Reciprocity and the Maslov Phase

TL;DR

This paper provides a metaplectic proof of Hilbert and quadratic reciprocity using the Kashiwara--Maslov phase of Lagrangian triples, connecting local phases to global reciprocity laws.

Contribution

It introduces a novel proof framework based on the Maslov phase and Bruhat words, linking local phases to global reciprocity in number theory.

Findings

Established a metaplectic proof of Hilbert reciprocity.

Connected the local phase defect to the Hilbert symbol.

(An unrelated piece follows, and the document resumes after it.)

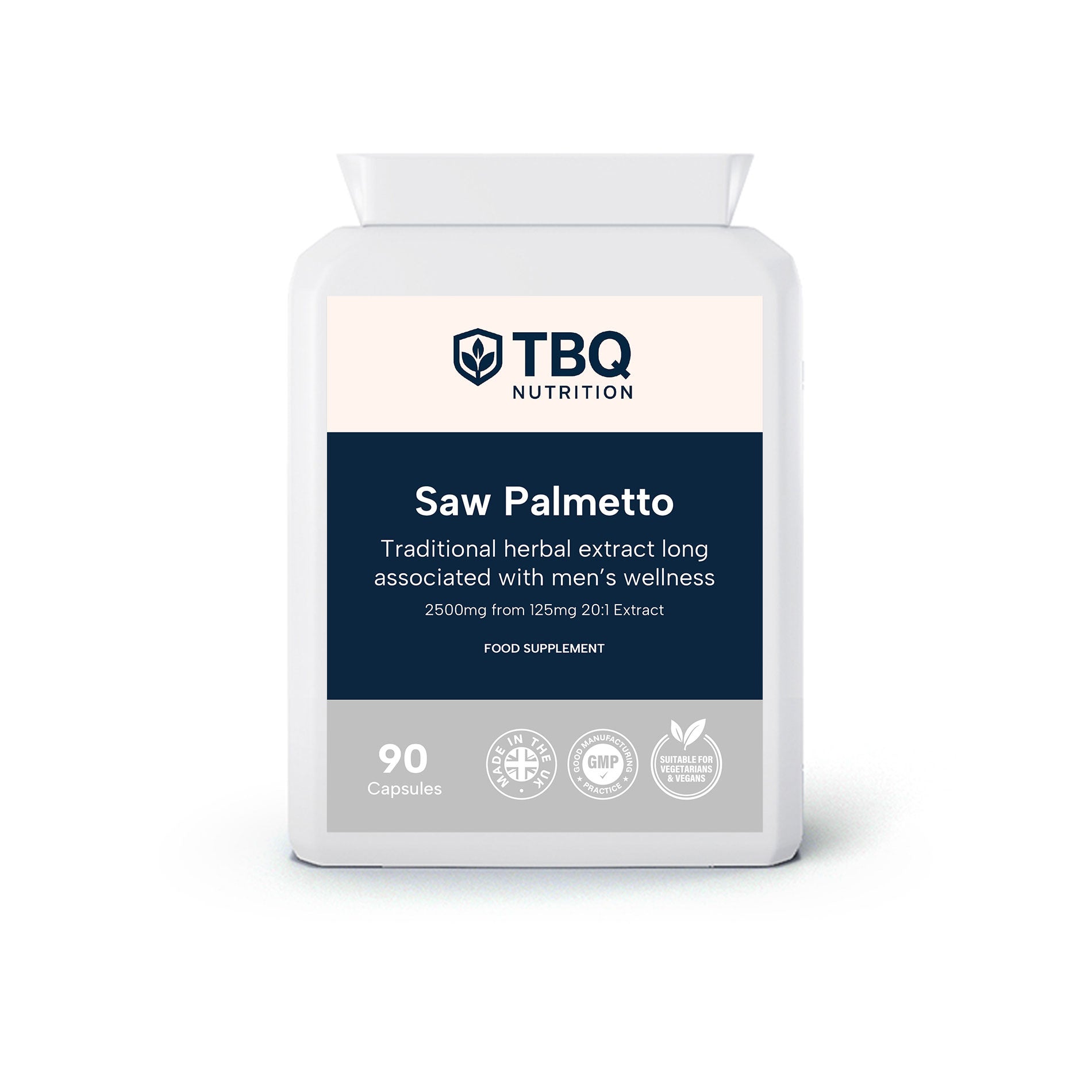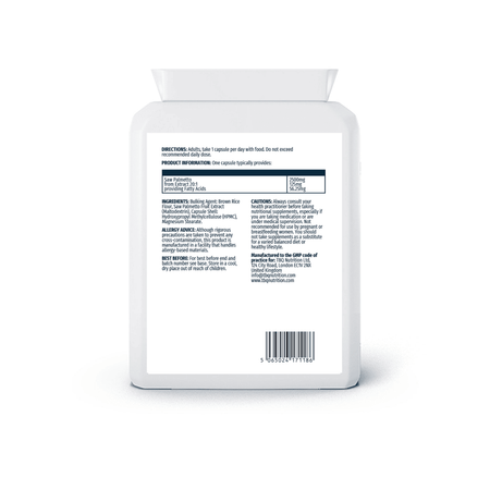TBQ Nutrition Saw Palmetto provides a concentrated 20:1 fruit extract, delivering the equivalent of 2500mg Saw Palmetto (Serenoa repens) per capsule. This traditional herbal extract has been long associated with men’s wellness and is widely used in nutritional support formulations. Each capsule is developed to offer a convenient daily serving in line with an active and balanced lifestyle. Suitable for vegetarians and vegans.

Showed the global product of defects equals one, proving reciprocity.

Abstract

We give a metaplectic proof of Hilbert reciprocity, and hence of quadratic reciprocity, in which the local phase is the Kashiwara--Maslov phase of a triple of Lagrangians. In rank two the phase of the ordered triple $(L_\infty,L_a,L_0)$ is the one-dimensional Weil index $\gamma_v(a)$. The local Hilbert symbol appears as the defect of strict multiplicativity of these phases: \[ (a,b)_v = \frac{\gamma_v(a)\gamma_v(b)}{\gamma_v(1)\gamma_v(ab)}. \] The global step compares the local and adelic realizations of a single Bruhat word for the diagonal torus elements $m(a)\in \operatorname{SL}_2(\mathbb Q)$. Locally the raw Bruhat-word lift carries the normalization factor determined by the chosen quadratic convention. These operators form a projective representation of the diagonal torus with defect \[ \mu_v(a,b) = \frac{\gamma_v(a)\gamma_v(b)}{\gamma_v(1)\gamma_v(ab)}. \] For rational adelic data, the normalized Bruhat word is multiplicative. The reciprocity law states that the total defect $\prod_v\mu_v(a,b)$ is $1$. Combined with the local bridge above, this yields Hilbert reciprocity, while quadratic reciprocity is then the specialization to the pair of odd primes $(p,q)$.